*ENTRIES PROVIDED:*
*** Begin section ***

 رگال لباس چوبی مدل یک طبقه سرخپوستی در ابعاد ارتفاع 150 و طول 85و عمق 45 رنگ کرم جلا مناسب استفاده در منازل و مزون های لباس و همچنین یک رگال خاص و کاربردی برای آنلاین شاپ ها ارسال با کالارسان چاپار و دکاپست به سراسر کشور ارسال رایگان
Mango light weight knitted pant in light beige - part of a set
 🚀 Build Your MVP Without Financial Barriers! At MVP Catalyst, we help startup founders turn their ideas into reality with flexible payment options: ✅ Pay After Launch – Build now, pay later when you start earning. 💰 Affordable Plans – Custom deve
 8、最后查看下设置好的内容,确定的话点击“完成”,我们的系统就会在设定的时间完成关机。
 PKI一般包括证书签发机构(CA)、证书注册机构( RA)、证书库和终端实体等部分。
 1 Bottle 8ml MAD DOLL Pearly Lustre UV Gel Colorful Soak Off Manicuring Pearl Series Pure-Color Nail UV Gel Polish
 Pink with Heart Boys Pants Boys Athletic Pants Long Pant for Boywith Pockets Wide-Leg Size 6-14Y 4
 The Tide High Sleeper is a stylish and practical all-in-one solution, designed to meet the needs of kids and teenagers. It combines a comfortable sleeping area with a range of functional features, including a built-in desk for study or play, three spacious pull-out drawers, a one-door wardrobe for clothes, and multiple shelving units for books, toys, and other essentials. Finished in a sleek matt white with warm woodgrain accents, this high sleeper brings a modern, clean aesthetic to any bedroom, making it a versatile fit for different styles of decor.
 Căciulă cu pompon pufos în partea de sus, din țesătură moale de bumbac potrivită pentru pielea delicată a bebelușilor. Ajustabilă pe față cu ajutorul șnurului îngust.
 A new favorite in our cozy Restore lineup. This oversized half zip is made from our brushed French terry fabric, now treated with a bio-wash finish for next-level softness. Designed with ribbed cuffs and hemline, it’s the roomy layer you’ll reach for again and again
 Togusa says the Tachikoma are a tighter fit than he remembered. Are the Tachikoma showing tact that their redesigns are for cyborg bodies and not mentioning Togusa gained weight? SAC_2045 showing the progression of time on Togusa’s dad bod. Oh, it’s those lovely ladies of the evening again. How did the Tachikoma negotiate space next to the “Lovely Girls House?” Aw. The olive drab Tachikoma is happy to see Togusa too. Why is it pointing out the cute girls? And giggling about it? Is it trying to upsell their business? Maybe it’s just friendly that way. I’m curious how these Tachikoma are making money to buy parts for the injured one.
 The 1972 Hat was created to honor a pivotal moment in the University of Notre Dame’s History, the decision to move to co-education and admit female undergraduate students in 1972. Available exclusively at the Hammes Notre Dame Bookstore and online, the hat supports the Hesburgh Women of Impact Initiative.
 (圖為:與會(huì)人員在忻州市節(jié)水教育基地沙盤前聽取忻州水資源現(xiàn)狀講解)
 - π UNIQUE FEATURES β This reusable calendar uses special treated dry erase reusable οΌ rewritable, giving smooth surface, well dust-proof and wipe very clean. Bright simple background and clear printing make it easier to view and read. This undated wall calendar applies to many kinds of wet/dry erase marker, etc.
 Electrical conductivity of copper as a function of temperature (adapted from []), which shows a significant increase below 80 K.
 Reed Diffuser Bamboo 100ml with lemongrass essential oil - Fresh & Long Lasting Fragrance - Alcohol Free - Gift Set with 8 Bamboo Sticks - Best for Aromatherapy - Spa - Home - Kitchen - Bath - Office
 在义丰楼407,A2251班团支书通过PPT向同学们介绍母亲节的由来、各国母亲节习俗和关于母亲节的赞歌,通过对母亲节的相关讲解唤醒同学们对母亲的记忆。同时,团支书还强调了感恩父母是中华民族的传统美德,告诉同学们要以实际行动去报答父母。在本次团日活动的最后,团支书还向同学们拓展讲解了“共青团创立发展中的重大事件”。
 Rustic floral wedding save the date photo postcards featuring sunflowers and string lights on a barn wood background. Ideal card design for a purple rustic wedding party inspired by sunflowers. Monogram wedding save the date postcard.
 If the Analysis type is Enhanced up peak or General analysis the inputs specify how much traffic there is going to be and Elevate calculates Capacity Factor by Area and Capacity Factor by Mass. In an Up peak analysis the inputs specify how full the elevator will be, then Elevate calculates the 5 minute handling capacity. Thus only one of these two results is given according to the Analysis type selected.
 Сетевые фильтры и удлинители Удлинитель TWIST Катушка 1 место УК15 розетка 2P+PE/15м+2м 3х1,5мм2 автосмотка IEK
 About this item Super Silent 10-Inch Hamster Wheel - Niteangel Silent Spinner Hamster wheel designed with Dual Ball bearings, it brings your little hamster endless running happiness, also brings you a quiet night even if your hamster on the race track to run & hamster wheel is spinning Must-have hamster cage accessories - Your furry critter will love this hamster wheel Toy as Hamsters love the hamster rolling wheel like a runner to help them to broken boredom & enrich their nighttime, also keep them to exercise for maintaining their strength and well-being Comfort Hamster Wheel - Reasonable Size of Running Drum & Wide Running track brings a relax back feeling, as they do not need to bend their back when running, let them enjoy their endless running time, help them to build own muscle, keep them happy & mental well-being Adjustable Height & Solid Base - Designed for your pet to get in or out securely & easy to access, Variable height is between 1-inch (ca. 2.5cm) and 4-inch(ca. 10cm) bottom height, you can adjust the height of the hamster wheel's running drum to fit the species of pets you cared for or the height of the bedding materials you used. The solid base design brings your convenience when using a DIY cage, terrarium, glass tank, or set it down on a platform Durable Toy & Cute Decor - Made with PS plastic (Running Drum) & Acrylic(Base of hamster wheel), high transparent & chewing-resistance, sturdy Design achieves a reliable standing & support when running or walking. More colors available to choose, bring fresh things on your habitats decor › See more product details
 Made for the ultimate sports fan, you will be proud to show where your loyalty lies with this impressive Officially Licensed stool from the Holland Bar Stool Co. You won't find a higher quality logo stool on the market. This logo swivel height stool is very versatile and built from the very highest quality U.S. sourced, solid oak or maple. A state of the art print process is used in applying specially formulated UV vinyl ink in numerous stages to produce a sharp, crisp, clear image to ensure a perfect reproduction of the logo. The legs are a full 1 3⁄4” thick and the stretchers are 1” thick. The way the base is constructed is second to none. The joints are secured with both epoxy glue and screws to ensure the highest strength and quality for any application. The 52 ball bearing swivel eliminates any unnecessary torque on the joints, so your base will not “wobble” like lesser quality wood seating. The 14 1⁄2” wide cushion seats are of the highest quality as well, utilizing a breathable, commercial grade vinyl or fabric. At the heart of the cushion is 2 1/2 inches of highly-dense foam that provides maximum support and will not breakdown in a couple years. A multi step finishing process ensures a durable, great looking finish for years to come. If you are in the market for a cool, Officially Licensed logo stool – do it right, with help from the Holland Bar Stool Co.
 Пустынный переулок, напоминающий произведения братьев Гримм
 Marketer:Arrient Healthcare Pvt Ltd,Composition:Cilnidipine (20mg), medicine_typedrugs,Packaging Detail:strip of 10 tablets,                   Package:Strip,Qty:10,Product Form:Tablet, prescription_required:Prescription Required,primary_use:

*** End section ***

*EXERCISE:* Write out the whole listing again, keeping every character as it is.

*OUTPUT BELOW:*
 رگال لباس چوبی مدل یک طبقه سرخپوستی در ابعاد ارتفاع 150 و طول 85و عمق 45 رنگ کرم جلا مناسب استفاده در منازل و مزون های لباس و همچنین یک رگال خاص و کاربردی برای آنلاین شاپ ها ارسال با کالارسان چاپار و دکاپست به سراسر کشور ارسال رایگان
Mango light weight knitted pant in light beige - part of a set
 🚀 Build Your MVP Without Financial Barriers! At MVP Catalyst, we help startup founders turn their ideas into reality with flexible payment options: ✅ Pay After Launch – Build now, pay later when you start earning. 💰 Affordable Plans – Custom deve
 8、最后查看下设置好的内容,确定的话点击“完成”,我们的系统就会在设定的时间完成关机。
 PKI一般包括证书签发机构(CA)、证书注册机构( RA)、证书库和终端实体等部分。
 1 Bottle 8ml MAD DOLL Pearly Lustre UV Gel Colorful Soak Off Manicuring Pearl Series Pure-Color Nail UV Gel Polish
 Pink with Heart Boys Pants Boys Athletic Pants Long Pant for Boywith Pockets Wide-Leg Size 6-14Y 4
 The Tide High Sleeper is a stylish and practical all-in-one solution, designed to meet the needs of kids and teenagers. It combines a comfortable sleeping area with a range of functional features, including a built-in desk for study or play, three spacious pull-out drawers, a one-door wardrobe for clothes, and multiple shelving units for books, toys, and other essentials. Finished in a sleek matt white with warm woodgrain accents, this high sleeper brings a modern, clean aesthetic to any bedroom, making it a versatile fit for different styles of decor.
 Căciulă cu pompon pufos în partea de sus, din țesătură moale de bumbac potrivită pentru pielea delicată a bebelușilor. Ajustabilă pe față cu ajutorul șnurului îngust.
 A new favorite in our cozy Restore lineup. This oversized half zip is made from our brushed French terry fabric, now treated with a bio-wash finish for next-level softness. Designed with ribbed cuffs and hemline, it’s the roomy layer you’ll reach for again and again
 Togusa says the Tachikoma are a tighter fit than he remembered. Are the Tachikoma showing tact that their redesigns are for cyborg bodies and not mentioning Togusa gained weight? SAC_2045 showing the progression of time on Togusa’s dad bod. Oh, it’s those lovely ladies of the evening again. How did the Tachikoma negotiate space next to the “Lovely Girls House?” Aw. The olive drab Tachikoma is happy to see Togusa too. Why is it pointing out the cute girls? And giggling about it? Is it trying to upsell their business? Maybe it’s just friendly that way. I’m curious how these Tachikoma are making money to buy parts for the injured one.
 The 1972 Hat was created to honor a pivotal moment in the University of Notre Dame’s History, the decision to move to co-education and admit female undergraduate students in 1972. Available exclusively at the Hammes Notre Dame Bookstore and online, the hat supports the Hesburgh Women of Impact Initiative.
 (圖為:與會(huì)人員在忻州市節(jié)水教育基地沙盤前聽取忻州水資源現(xiàn)狀講解)
 - π UNIQUE FEATURES β This reusable calendar uses special treated dry erase reusable οΌ rewritable, giving smooth surface, well dust-proof and wipe very clean. Bright simple background and clear printing make it easier to view and read. This undated wall calendar applies to many kinds of wet/dry erase marker, etc.
 Electrical conductivity of copper as a function of temperature (adapted from []), which shows a significant increase below 80 K.
 Reed Diffuser Bamboo 100ml with lemongrass essential oil - Fresh & Long Lasting Fragrance - Alcohol Free - Gift Set with 8 Bamboo Sticks - Best for Aromatherapy - Spa - Home - Kitchen - Bath - Office
 在义丰楼407,A2251班团支书通过PPT向同学们介绍母亲节的由来、各国母亲节习俗和关于母亲节的赞歌,通过对母亲节的相关讲解唤醒同学们对母亲的记忆。同时,团支书还强调了感恩父母是中华民族的传统美德,告诉同学们要以实际行动去报答父母。在本次团日活动的最后,团支书还向同学们拓展讲解了“共青团创立发展中的重大事件”。
 Rustic floral wedding save the date photo postcards featuring sunflowers and string lights on a barn wood background. Ideal card design for a purple rustic wedding party inspired by sunflowers. Monogram wedding save the date postcard.
 If the Analysis type is Enhanced up peak or General analysis the inputs specify how much traffic there is going to be and Elevate calculates Capacity Factor by Area and Capacity Factor by Mass. In an Up peak analysis the inputs specify how full the elevator will be, then Elevate calculates the 5 minute handling capacity. Thus only one of these two results is given according to the Analysis type selected.
 Сетевые фильтры и удлинители Удлинитель TWIST Катушка 1 место УК15 розетка 2P+PE/15м+2м 3х1,5мм2 автосмотка IEK
 About this item Super Silent 10-Inch Hamster Wheel - Niteangel Silent Spinner Hamster wheel designed with Dual Ball bearings, it brings your little hamster endless running happiness, also brings you a quiet night even if your hamster on the race track to run & hamster wheel is spinning Must-have hamster cage accessories - Your furry critter will love this hamster wheel Toy as Hamsters love the hamster rolling wheel like a runner to help them to broken boredom & enrich their nighttime, also keep them to exercise for maintaining their strength and well-being Comfort Hamster Wheel - Reasonable Size of Running Drum & Wide Running track brings a relax back feeling, as they do not need to bend their back when running, let them enjoy their endless running time, help them to build own muscle, keep them happy & mental well-being Adjustable Height & Solid Base - Designed for your pet to get in or out securely & easy to access, Variable height is between 1-inch (ca. 2.5cm) and 4-inch(ca. 10cm) bottom height, you can adjust the height of the hamster wheel's running drum to fit the species of pets you cared for or the height of the bedding materials you used. The solid base design brings your convenience when using a DIY cage, terrarium, glass tank, or set it down on a platform Durable Toy & Cute Decor - Made with PS plastic (Running Drum) & Acrylic(Base of hamster wheel), high transparent & chewing-resistance, sturdy Design achieves a reliable standing & support when running or walking. More colors available to choose, bring fresh things on your habitats decor › See more product details
 Made for the ultimate sports fan, you will be proud to show where your loyalty lies with this impressive Officially Licensed stool from the Holland Bar Stool Co. You won't find a higher quality logo stool on the market. This logo swivel height stool is very versatile and built from the very highest quality U.S. sourced, solid oak or maple. A state of the art print process is used in applying specially formulated UV vinyl ink in numerous stages to produce a sharp, crisp, clear image to ensure a perfect reproduction of the logo. The legs are a full 1 3⁄4” thick and the stretchers are 1” thick. The way the base is constructed is second to none. The joints are secured with both epoxy glue and screws to ensure the highest strength and quality for any application. The 52 ball bearing swivel eliminates any unnecessary torque on the joints, so your base will not “wobble” like lesser quality wood seating. The 14 1⁄2” wide cushion seats are of the highest quality as well, utilizing a breathable, commercial grade vinyl or fabric. At the heart of the cushion is 2 1/2 inches of highly-dense foam that provides maximum support and will not breakdown in a couple years. A multi step finishing process ensures a durable, great looking finish for years to come. If you are in the market for a cool, Officially Licensed logo stool – do it right, with help from the Holland Bar Stool Co.
 Пустынный переулок, напоминающий произведения братьев Гримм
 Marketer:Arrient Healthcare Pvt Ltd,Composition:Cilnidipine (20mg), medicine_typedrugs,Packaging Detail:strip of 10 tablets,                   Package:Strip,Qty:10,Product Form:Tablet, prescription_required:Prescription Required,primary_use:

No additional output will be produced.